FIG. 6 is a graph showing characteristics of a channel length of a gate electrode and a drain current.

[Explanation of symbols]

1a, 1b: glass substrate 2: Undercoat 3: Channel area 4: Source area 5: Drain region 6: Connection area 7: LDD area 8: Gate oxide film 9: Gate electrode 10: Interlayer insulating film 11: Wiring electrode 12: Final insulating film 13: Flattening film 14a, 14b: Pixel electrodes (ITO) 15: Resin beads 16: Color filter layer 17: Black matrix layer 18a, 18b: Hardened film 19: Liquid crystal 20a, 20b: Polarizing film

   ─────────────────────────────────────────────────── ─── Continued front page    F-term (reference) 2H092 JA24 JA31 JA37 KA04 MA27                       NA13 PA06                 5F110 AA06 BB02 CC02 DD02 DD13                       EE06 EE28 FF02 GG02 GG13                       GG25 GG45 HJ01 HJ04 HJ13                       HJ23 HL07 HL11 HM15 NN02                       NN03 NN04 NN23 NN27 NN73                       PP03 QQ11

Claims (6)

[Claims] 1. An active matrix array substrate in which pixel electrodes arranged in a matrix and peripheral circuits for driving the pixel electrodes are integrated on the same substrate, a counter substrate facing the active matrix array substrate, and a liquid crystal layer held by the both substrates. And a polarizing plate, wherein the polarizing plate is arranged in normally white, and the thin film transistor forming the pixel electrode and the peripheral circuit is a multi-gate MIS transistor having a plurality of gate electrodes. The transistor has an LDD structure including a low-concentration impurity region between a source / drain region and a channel region, and in the plurality of gate electrodes, at least one gate electrode has a size different from that of other gate electrodes. Liquid crystal display device characterized by different. 2. The thin film transistor is used for a pixel switching element, and a channel length dimension of a gate electrode near a drain region and a storage capacitor portion is longer than a channel length dimension of another gate electrode. 1. The liquid crystal display device according to 1. 3. The channel length dimension of the gate electrode near the drain region and the storage capacitor portion is in the range of 0.1 to 10 μm, and the channel length dimension of the other gate electrode is 0.2 to.
The liquid crystal display device according to claim 2, wherein the liquid crystal display device has a range of 20 μm. 4. An active matrix array substrate in which pixel electrodes arranged in a matrix and peripheral circuits for driving the pixel electrodes are integrated on the same substrate, a counter substrate facing the active matrix array substrate, and a liquid crystal layer held by the both substrates.

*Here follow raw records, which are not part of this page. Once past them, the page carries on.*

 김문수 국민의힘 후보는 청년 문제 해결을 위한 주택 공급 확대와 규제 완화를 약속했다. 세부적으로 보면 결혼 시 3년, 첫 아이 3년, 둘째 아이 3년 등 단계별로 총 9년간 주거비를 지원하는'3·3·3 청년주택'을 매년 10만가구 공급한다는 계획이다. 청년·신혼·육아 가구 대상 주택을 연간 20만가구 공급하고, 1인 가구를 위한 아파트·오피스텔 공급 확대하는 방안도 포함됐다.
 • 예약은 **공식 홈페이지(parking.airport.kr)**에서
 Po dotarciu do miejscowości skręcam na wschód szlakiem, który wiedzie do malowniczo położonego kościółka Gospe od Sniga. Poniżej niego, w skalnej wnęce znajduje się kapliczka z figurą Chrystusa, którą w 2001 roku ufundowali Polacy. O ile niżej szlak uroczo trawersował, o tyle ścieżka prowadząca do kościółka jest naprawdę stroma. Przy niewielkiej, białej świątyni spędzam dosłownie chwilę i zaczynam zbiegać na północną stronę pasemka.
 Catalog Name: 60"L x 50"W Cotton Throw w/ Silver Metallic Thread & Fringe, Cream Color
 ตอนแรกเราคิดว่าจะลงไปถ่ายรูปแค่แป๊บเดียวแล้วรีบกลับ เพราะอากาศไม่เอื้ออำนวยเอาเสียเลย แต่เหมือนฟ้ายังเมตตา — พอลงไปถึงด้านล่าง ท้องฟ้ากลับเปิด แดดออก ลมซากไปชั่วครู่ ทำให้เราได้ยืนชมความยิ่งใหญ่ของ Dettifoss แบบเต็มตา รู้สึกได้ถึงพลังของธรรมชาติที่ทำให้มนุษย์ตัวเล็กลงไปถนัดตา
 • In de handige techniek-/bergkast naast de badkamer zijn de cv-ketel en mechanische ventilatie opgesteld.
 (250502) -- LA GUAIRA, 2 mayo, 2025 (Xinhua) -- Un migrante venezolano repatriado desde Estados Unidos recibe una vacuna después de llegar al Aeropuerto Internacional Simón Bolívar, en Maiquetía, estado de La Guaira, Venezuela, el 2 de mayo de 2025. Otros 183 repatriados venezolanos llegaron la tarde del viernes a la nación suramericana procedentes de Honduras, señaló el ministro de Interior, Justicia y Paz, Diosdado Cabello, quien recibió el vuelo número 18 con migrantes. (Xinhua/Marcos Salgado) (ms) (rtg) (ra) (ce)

A thin film transistor used in a liquid crystal display device in which the arrangement of the polarizing plate is normally white, the transistor being a multi-gate type MIS transistor having a plurality of gate electrodes, This has an LDD structure having a low-concentration impurity region between a source / drain region and a channel region, and in the plurality of gate electrodes, at least one gate electrode is different in size from other gate electrodes. And a thin film transistor. 5. The thin film transistor is used for a pixel switching element, and a channel length dimension of a gate electrode near a drain region and a storage capacitor portion is longer than a channel length dimension of another gate electrode. 4. The thin film transistor according to 4. 6. The channel length dimension of the gate electrode near the drain region and the storage capacitor portion is in the range of 0.1 to 10 μm, and the channel length dimension of the other gate electrode is 0.2 to.
The thin film transistor according to claim 5, having a thickness in the range of 20 μm.